Ezeh, former Head of UNN Department of Sociology and Anthropology, criticised the current approach to tackling the disease in his speech at an international conference of anthropologists at the University of Namibia (UNAM), Windhoek, Namibia, on Wednesday. The event originally planned as a physical meeting was changed to a virtual format due to the challenges posed by the disease. It was organised in collaboration of five major anthropological groups worldwide: World Council of Anthropological Associations (WCAA), Pan-African Anthropological Association (PAAA), Anthropology in Southern Africa (ASnA), Ethnological and Anthropological Society of Nigeria (EASON), and the host university, UNAM. Professor Ezeh is the President of EASON.
The Nigerian scholar said that some official reactions to the new disease were driven by panic and other non-medical factors even when the nature of the virus and how it spread were not yet fully understood.
He said it was against familiar medical logic that the disease was barely understood when the medical authorities rushed in a vaccine. Replying to a question later, he said that while medical scientists researched on discovering a vaccine in the more familiar ways, efforts at this point should have concentrated on non-vaccine preventive measures, and treatment of those that had already contracted the disease.
He also said that claims of cure and prophylactics from practitioners of ethnomedicine in such countries as Madagascar and Nigeria had not been given adequate attention, and wondered why there seemed to be desperation to promote vaccines by European and American pharmaceutical establishments.
Ezeh said, “There are claims that ethnomedicine is effective in fighting the disease. Have such claims been thoroughly investigated, and if indeed they are found to be credible, must the world continue to stick to the Hobson choice of vaccines of the Western-style medical model?”
According to the don, there are also reactions to the disease that suggest extra-medical influences that require investigations by specialists in other academic fileds. For example, he queried the haste with which travel ban was clamped on some African countries when the Omicron variant of the microbe was reported whereas nothing was done to the Chinese when the original form of the virus was found there.
He said, “When the generic microbe was discovered in China no travel ban was imposed on the Chinese. Contrariwise, when a variant of the microbe was found in South Africa, travel ban was imposed on the entire southern African region, and as the days go by, the ban is also being imposed on other countries on the continent.”
Suggesting that such reactions were not objective, the professor said, “Anthropological interventions can help sort out mere panic from genuine concerns and remove what some commentators see as inter-group bias from the strategies in tackling it (the virus)”.

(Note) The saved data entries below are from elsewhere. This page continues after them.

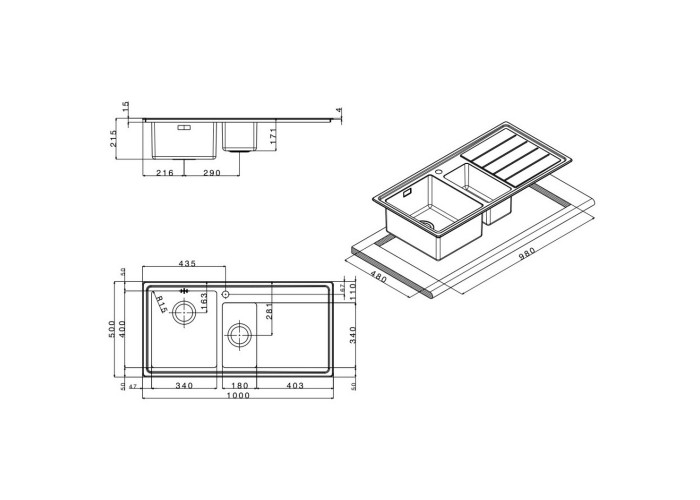 Мойка, сифон, слив/перелив, корзинчатый вентиль с крышкой, уплотнительная лента, крепление, герметик.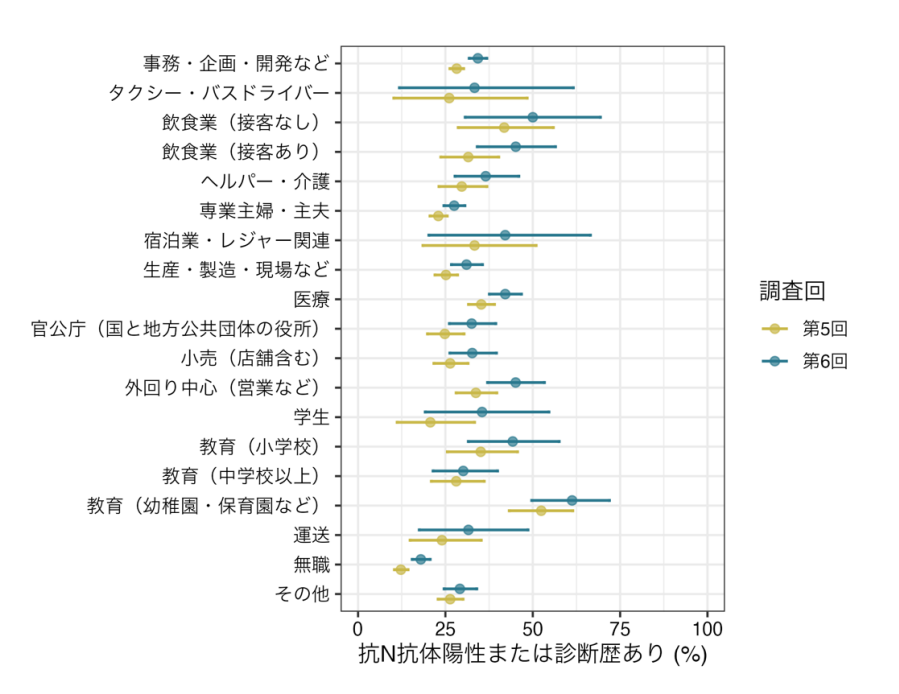 職種別では保育園幼稚園の職員の感染歴がすごいです。ほかは結構ブレがあるのでわかりにくいですね。介護職、医療職などは過剰診断されているかとおもったのですがそうでもない様子。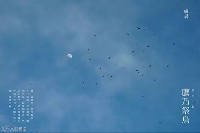 我国将处暑分为三候:“一候鹰乃祭鸟;二候天地始肃;三候禾乃登。”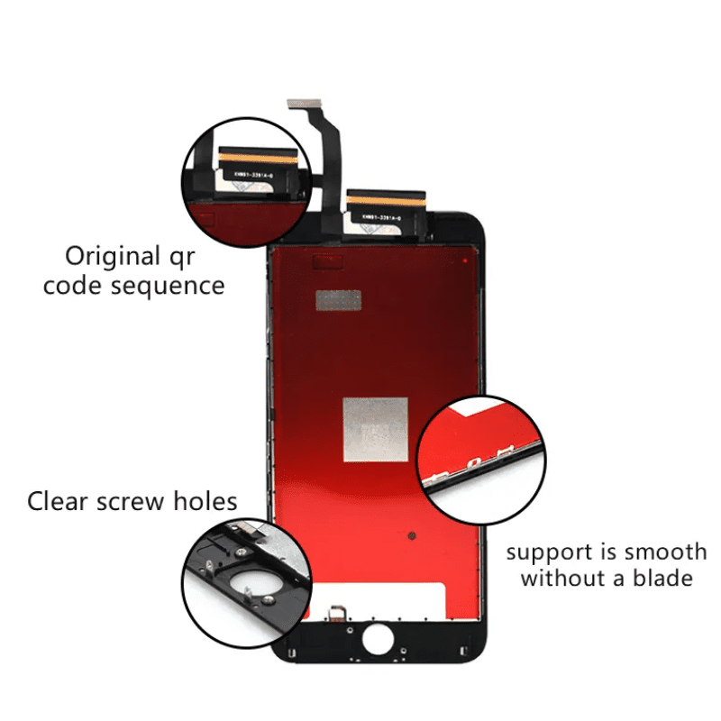 This item Phone 6 Plus LCD screen assembly is available in black and white and includes the LCD screen, digitizer touch screen, and front frame, which means 100% original manufactured and assembled and high quality.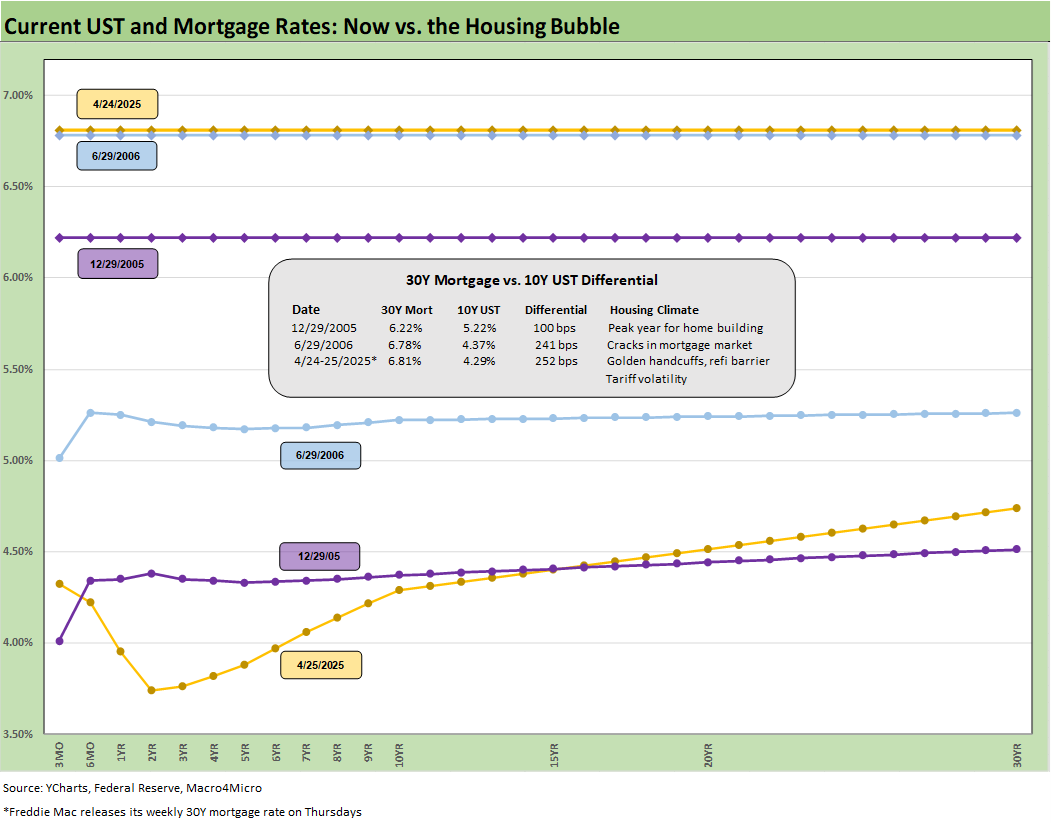 The above chart updates the UST curve for this past Friday and the Freddie Mac 30Y Mortgage benchmark rate (noon Thursday release). We include two useful historical periods including the peak homebuilder year end of 2005 and mid-2006 when RMBS quality concerns were catching headlines as the housing bubble was peaking. We post UST curves for each period in the chart. The past week was 6.81% for Freddie’s noon Thursday pricing.

According to him the way the virus spreads and the nature of the microbe ought to be independently investigated deeply and in multi-disciplinary ways than has so far been done. He suggested that it seemed that it spread faster in certain environments than in others. According to him, if such an observation is correct, it may be helpful if the factors that slow down the spread in those areas can be harnessed to help those in the areas where the spread is rapid.

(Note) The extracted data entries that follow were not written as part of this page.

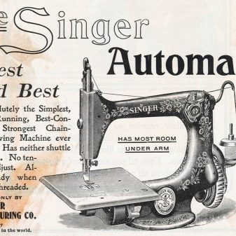 At the end of the 19th century, the workshop of the Russian merchant Popov began the production of sewing units under the Singer brand. The features of these sewing devices include shuttle movement along the typewriter. The thread was pulled primitively due to the square cross section of the needle holder. The thread passed through the holes in the shuttle; its tension was poorly regulated.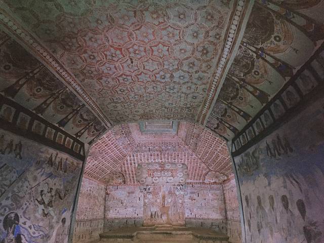 莫高窟的洞窟为了保护现在都封闭起来了,正常票参观区域没什么人
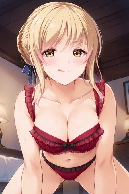 YoukoLingerie, red bra, red panties, frilled_bra, frilled_panties, bow,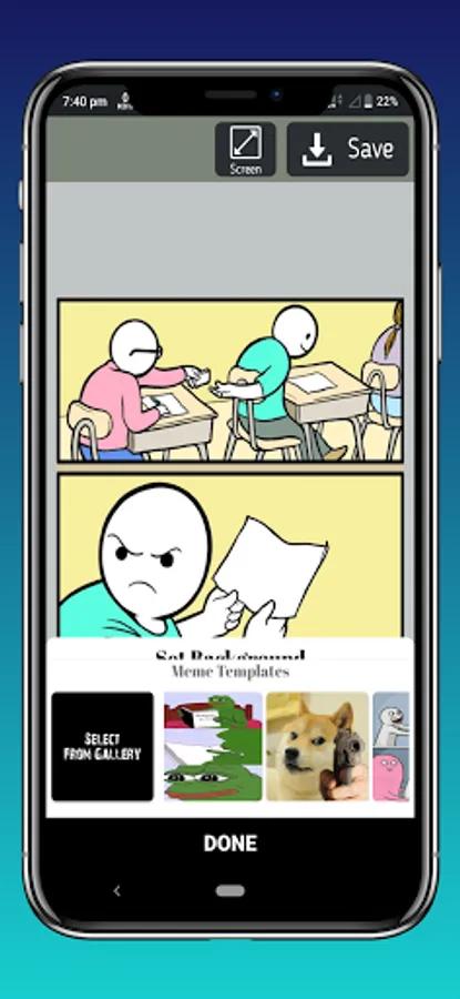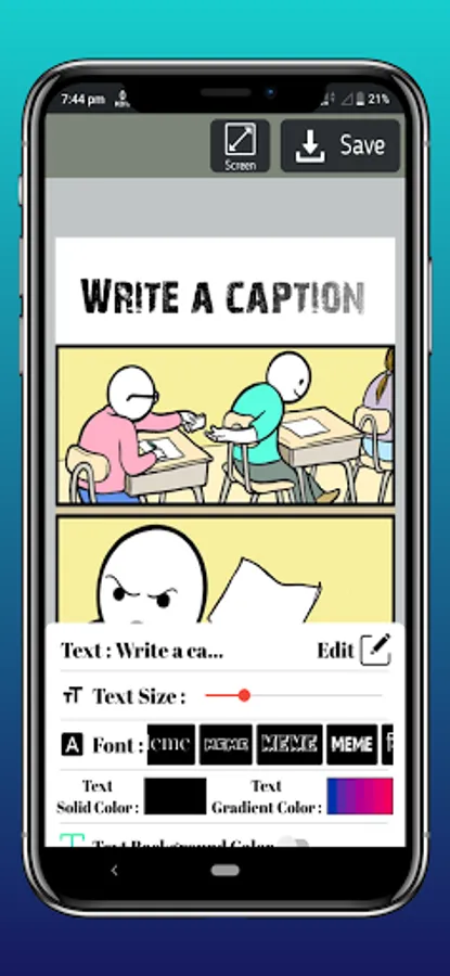 Make your own meme with this app. This app have a lots of meme templates and you can choose your photo from your Photo Gallery to be used as background . Meme Maker App is ready with customizing options such as meme templates, icons, text colors, text size, fonts.

Defending his observation in this regard, he asserted, “Anthropological knowledge has also the potential to help resolve some aetiological and therapeutic issues that are currently being debated on this disease. For example, with poorer medical facilities yet many West African countries at present seem to have lower morbidity rates from the disease than developed countries with better orthodox health care. Is the reason for this apparent epidemiological variability to be found in the ecology or environment of these localities, their sociality, or what?”